- Theatrical release poster
- Directed by: Sidney Salkow
- Written by: Seeleg Lester
- Produced by: Edward Small (executive) Jerome C. Robinson
- Starring: Sterling Hayden
- Cinematography: Kenneth Peach
- Edited by: Grant Whytock
- Music by: Emil Newman Ernest Gold (uncredited)
- Production company: Grand Productions
- Distributed by: United Artists
- Release date: April 1957;
- Running time: 73 minutes
- Country: United States
- Language: English

= The Iron Sheriff =

1957 film by Sidney Salkow

The Iron Sheriff is a 1957 American Western film starring Sterling Hayden.

==Plot==
A stagecoach is robbed in South Dakota and its driver is killed.

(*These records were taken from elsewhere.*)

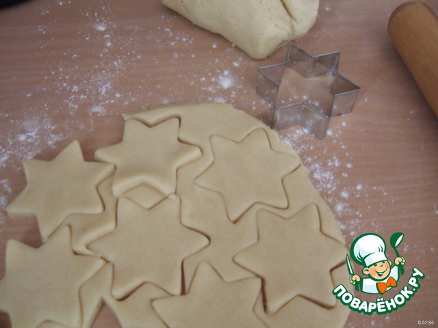 присыпим поверхность мукой, раскатаем пласт 0,5 см. (лучше брать тесто маленькими порциями, а не всё сразу). Теперь вырезаем фигурное печенье.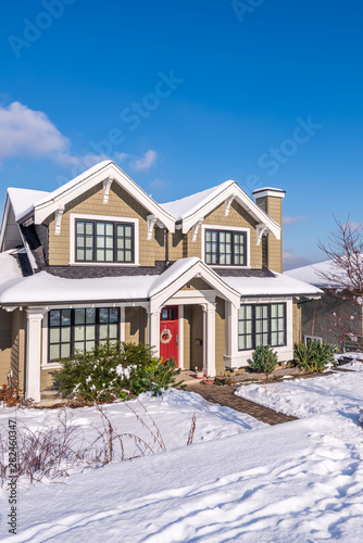 A typical american house in winter. Snow covered.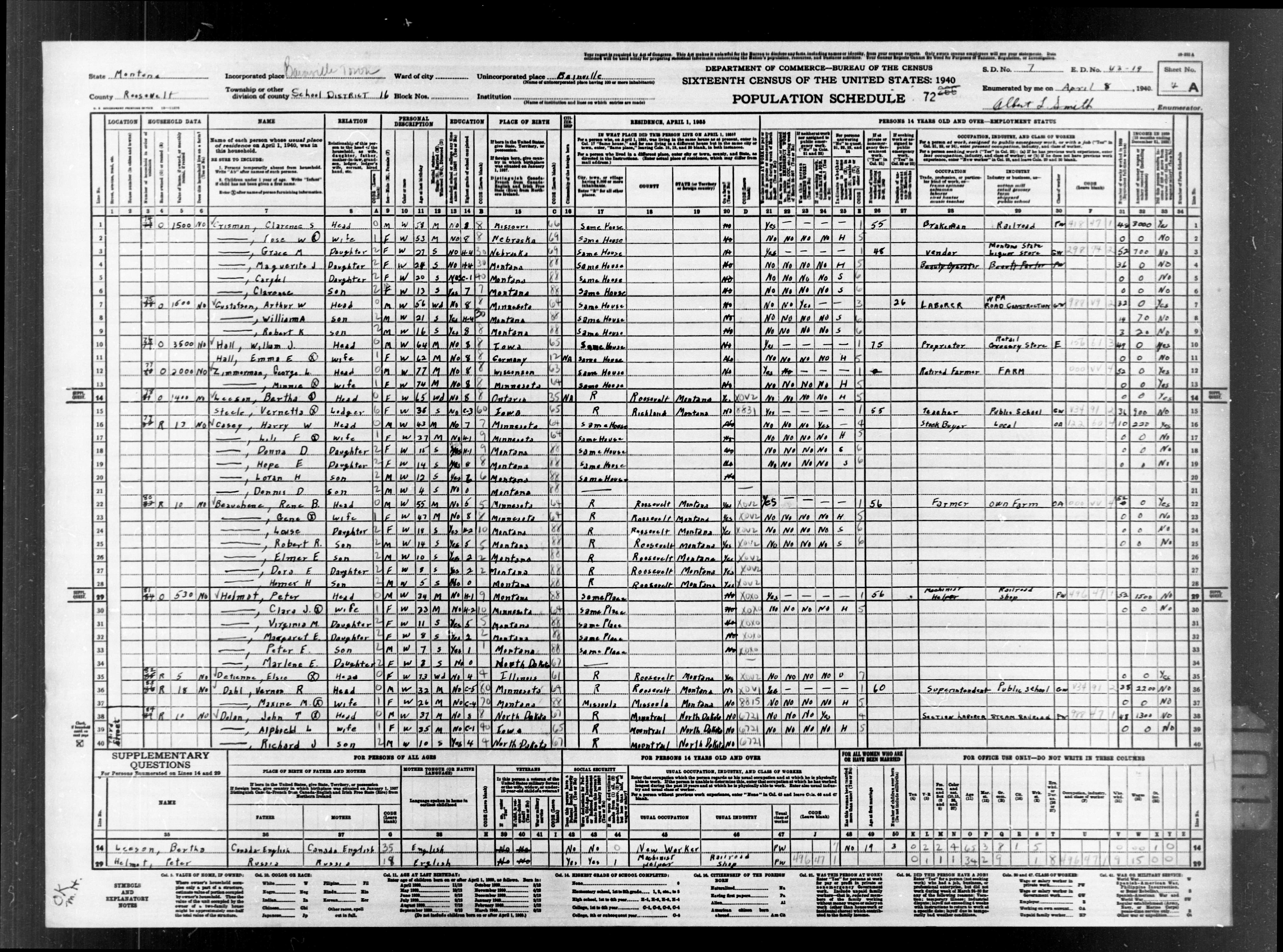 8094. “United States Census,” 1940, MT, Roosevelt, Bainville, District 16, 4A, 7, 43-19, T627, 2228, 650, Bureau of the Census, US Dept. of Commerce, United States of America, April 8, 1940, Albert L Smith.

A dying man, Gene Walden, tells the sheriff, Sam Galt, that Sam's son Benjie shot the driver. Benjie is engaged to be married to Walden's daughter. Benjie is placed under arrest. Newspaper publisher Phil Quincy demands to know what Walden said, but Sam will not say. Quincy and the sheriff are in love with the same woman, Claire, whose father was a lawman killed in the line of duty.

Sam brings in a prominent lawyer, Roger Pollock, to defend his son, and hires a detective, Sutherland, to help find the real culprits. In time, all evidence points to Benjie being the killer; against his lawyer's wishes, Sam testifies to what Walden told him. Benjie is found guilty and sentenced to hang.

Coins from the robbery are found in Kathy's hope chest. Kathy's father, Walden, robbed the stagecoach because his health was failing and he wanted his daughter to have enough money to support herself. Leveret, a telegraph operator who knew the stage's schedule, ambushed it and murdered the driver shortly afterward, not knowing that the money had already been stolen. Walden honestly thought Benjie had committed the murder. Sam manages to bring Leveret to justice in time to save his son.

==Cast==
- Sterling Hayden as Sam Galt
- Constance Ford as Claire
- John Dehner as Pollock
- Kent Taylor as Quincy
- King Donovan as Leveret
- Kathleen Nolan as Kathy
- Darryl Hickman as Ben Galt
- Mort Mills as Sutherland
- Walter Sande as Marshal Ellison
- Peter Miller as Jackson Gallagher
- I. Stanford Jolley as Eugene Walden

==Production==
The film was originally known as The Trial of Benjie Galt. Filming started 22 October 1956.